Stored data
╭──
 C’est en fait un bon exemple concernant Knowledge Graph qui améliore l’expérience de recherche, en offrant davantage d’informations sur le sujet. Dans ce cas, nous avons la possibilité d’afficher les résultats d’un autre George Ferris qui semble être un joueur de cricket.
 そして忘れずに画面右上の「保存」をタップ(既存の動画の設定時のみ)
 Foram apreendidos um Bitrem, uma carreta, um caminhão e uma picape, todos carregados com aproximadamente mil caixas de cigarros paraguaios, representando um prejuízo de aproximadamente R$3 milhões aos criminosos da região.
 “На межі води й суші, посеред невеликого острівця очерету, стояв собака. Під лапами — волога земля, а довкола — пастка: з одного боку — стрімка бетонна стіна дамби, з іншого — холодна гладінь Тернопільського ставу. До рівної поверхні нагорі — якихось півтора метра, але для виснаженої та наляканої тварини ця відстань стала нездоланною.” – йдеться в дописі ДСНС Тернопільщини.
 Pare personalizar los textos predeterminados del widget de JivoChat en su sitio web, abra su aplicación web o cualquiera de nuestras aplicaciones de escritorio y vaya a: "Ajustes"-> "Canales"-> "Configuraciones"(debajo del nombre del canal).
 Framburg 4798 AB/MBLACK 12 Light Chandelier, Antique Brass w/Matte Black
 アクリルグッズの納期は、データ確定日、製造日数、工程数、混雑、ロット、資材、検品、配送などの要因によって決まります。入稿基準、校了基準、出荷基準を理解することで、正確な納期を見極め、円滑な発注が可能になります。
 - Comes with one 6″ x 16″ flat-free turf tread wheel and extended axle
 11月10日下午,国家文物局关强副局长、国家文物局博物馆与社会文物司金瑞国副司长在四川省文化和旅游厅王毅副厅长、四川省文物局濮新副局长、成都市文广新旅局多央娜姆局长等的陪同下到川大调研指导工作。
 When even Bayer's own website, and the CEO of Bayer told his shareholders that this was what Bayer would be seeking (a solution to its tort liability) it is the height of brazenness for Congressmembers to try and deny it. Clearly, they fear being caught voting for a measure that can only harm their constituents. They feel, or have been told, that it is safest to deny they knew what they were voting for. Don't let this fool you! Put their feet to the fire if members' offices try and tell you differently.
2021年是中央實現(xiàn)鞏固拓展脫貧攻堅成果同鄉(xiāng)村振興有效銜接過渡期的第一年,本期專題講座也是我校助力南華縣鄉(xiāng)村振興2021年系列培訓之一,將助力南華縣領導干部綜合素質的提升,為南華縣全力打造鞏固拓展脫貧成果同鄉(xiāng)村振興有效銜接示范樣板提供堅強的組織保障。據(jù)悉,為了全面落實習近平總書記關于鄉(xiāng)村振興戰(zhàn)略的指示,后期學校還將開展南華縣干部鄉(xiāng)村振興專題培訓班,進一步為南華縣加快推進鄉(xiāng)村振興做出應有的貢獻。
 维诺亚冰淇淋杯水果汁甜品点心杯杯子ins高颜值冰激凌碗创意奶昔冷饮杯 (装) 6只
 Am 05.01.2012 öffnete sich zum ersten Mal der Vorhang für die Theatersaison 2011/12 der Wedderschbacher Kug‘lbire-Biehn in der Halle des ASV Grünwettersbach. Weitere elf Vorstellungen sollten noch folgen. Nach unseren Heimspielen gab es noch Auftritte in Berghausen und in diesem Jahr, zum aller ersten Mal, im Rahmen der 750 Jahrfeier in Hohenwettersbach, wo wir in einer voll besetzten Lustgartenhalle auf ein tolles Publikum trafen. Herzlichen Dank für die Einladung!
╰──
╭──
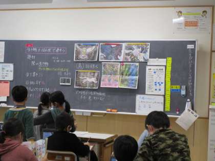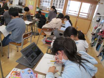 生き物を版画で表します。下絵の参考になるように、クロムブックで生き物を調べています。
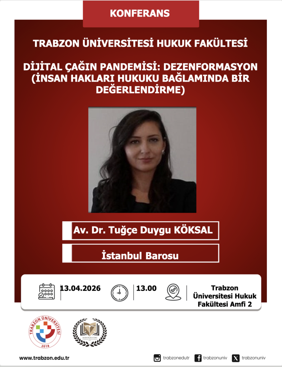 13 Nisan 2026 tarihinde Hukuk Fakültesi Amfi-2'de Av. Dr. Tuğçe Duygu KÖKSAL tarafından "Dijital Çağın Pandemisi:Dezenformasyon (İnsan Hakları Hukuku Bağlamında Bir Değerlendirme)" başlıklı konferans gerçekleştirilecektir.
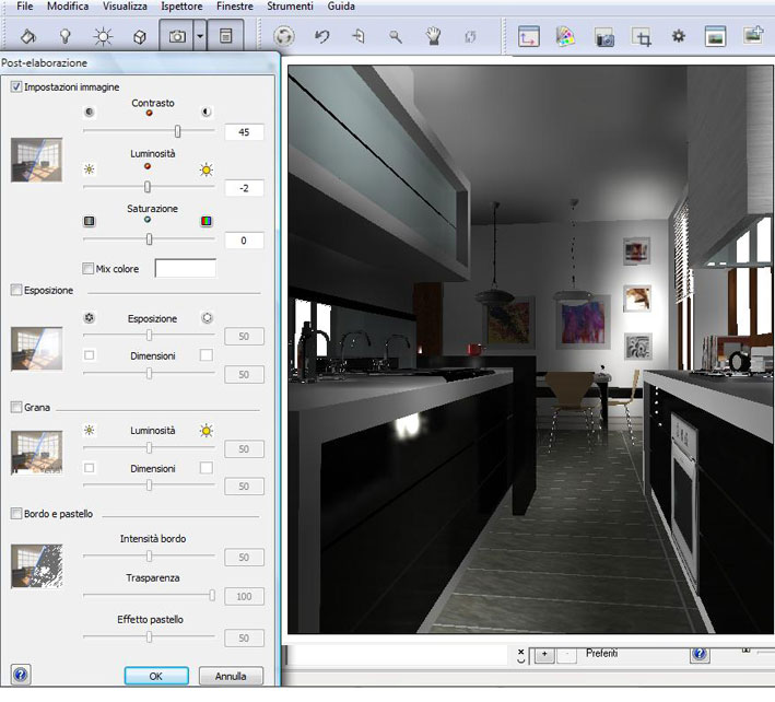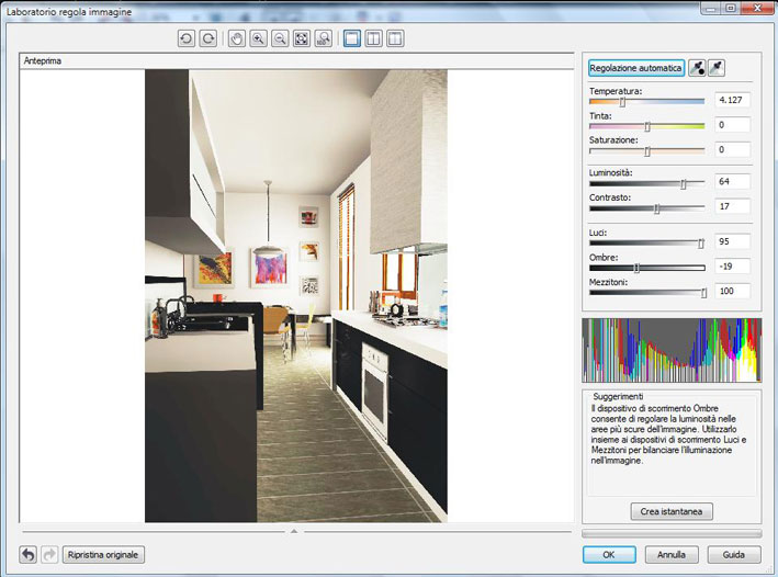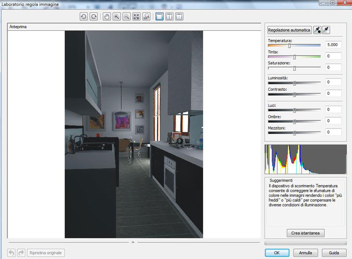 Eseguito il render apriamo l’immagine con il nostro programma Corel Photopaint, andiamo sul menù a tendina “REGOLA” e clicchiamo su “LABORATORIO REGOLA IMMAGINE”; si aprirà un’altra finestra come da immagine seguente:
╰──
╭──
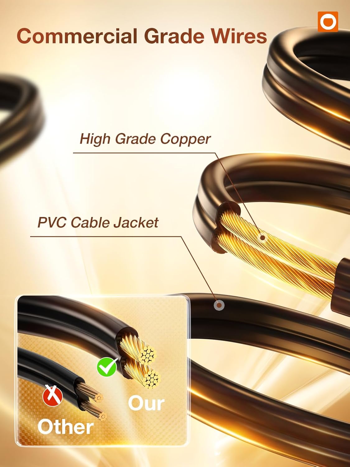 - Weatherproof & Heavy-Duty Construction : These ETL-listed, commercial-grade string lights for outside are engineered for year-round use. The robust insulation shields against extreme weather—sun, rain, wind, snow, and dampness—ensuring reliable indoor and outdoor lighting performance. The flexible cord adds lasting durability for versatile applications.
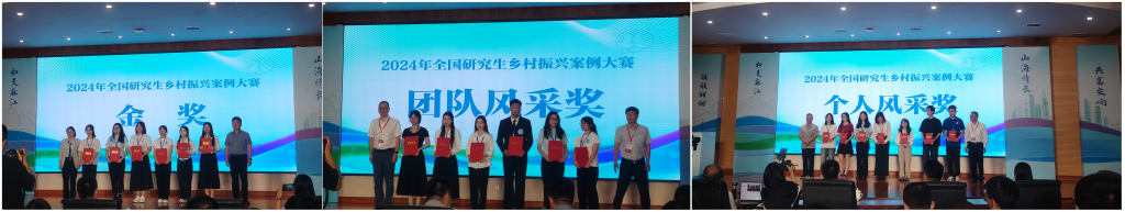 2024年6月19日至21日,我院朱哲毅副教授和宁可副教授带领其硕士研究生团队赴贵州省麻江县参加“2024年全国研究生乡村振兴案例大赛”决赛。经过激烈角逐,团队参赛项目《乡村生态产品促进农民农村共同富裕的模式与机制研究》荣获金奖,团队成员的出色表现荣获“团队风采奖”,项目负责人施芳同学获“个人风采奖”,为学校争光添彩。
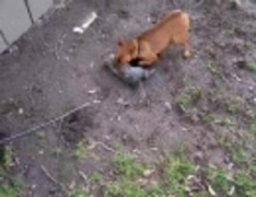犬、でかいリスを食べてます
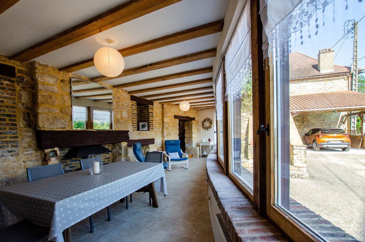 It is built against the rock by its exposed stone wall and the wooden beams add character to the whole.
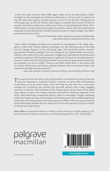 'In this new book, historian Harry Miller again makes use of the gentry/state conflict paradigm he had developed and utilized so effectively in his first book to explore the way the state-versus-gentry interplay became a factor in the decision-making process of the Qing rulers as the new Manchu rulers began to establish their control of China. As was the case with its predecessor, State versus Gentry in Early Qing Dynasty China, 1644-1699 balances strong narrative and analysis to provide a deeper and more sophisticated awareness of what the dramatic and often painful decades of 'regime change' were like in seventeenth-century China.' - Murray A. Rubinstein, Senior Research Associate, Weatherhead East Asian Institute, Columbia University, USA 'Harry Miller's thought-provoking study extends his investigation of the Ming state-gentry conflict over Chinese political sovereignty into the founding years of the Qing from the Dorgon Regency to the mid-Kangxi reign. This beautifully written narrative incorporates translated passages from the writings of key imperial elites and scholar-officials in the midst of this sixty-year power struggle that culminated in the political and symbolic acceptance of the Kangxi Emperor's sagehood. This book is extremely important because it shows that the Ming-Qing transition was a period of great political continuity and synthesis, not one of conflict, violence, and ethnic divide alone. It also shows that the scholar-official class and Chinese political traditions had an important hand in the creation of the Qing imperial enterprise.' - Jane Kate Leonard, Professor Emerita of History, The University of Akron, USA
╰──
Problem to solve
With the line holding "アクリルグッズの納期は、デー" as the first and the line holding "Am 05.01.2012 öffnete" as the last, please transcribe exactly the lines of the material above in that range and nothing else.

Response
 アクリルグッズの納期は、データ確定日、製造日数、工程数、混雑、ロット、資材、検品、配送などの要因によって決まります。入稿基準、校了基準、出荷基準を理解することで、正確な納期を見極め、円滑な発注が可能になります。
 - Comes with one 6″ x 16″ flat-free turf tread wheel and extended axle
 11月10日下午,国家文物局关强副局长、国家文物局博物馆与社会文物司金瑞国副司长在四川省文化和旅游厅王毅副厅长、四川省文物局濮新副局长、成都市文广新旅局多央娜姆局长等的陪同下到川大调研指导工作。
 When even Bayer's own website, and the CEO of Bayer told his shareholders that this was what Bayer would be seeking (a solution to its tort liability) it is the height of brazenness for Congressmembers to try and deny it. Clearly, they fear being caught voting for a measure that can only harm their constituents. They feel, or have been told, that it is safest to deny they knew what they were voting for. Don't let this fool you! Put their feet to the fire if members' offices try and tell you differently.
2021年是中央實現(xiàn)鞏固拓展脫貧攻堅成果同鄉(xiāng)村振興有效銜接過渡期的第一年,本期專題講座也是我校助力南華縣鄉(xiāng)村振興2021年系列培訓之一,將助力南華縣領導干部綜合素質的提升,為南華縣全力打造鞏固拓展脫貧成果同鄉(xiāng)村振興有效銜接示范樣板提供堅強的組織保障。據(jù)悉,為了全面落實習近平總書記關于鄉(xiāng)村振興戰(zhàn)略的指示,后期學校還將開展南華縣干部鄉(xiāng)村振興專題培訓班,進一步為南華縣加快推進鄉(xiāng)村振興做出應有的貢獻。
 维诺亚冰淇淋杯水果汁甜品点心杯杯子ins高颜值冰激凌碗创意奶昔冷饮杯 (装) 6只
 Am 05.01.2012 öffnete sich zum ersten Mal der Vorhang für die Theatersaison 2011/12 der Wedderschbacher Kug‘lbire-Biehn in der Halle des ASV Grünwettersbach. Weitere elf Vorstellungen sollten noch folgen. Nach unseren Heimspielen gab es noch Auftritte in Berghausen und in diesem Jahr, zum aller ersten Mal, im Rahmen der 750 Jahrfeier in Hohenwettersbach, wo wir in einer voll besetzten Lustgartenhalle auf ein tolles Publikum trafen. Herzlichen Dank für die Einladung!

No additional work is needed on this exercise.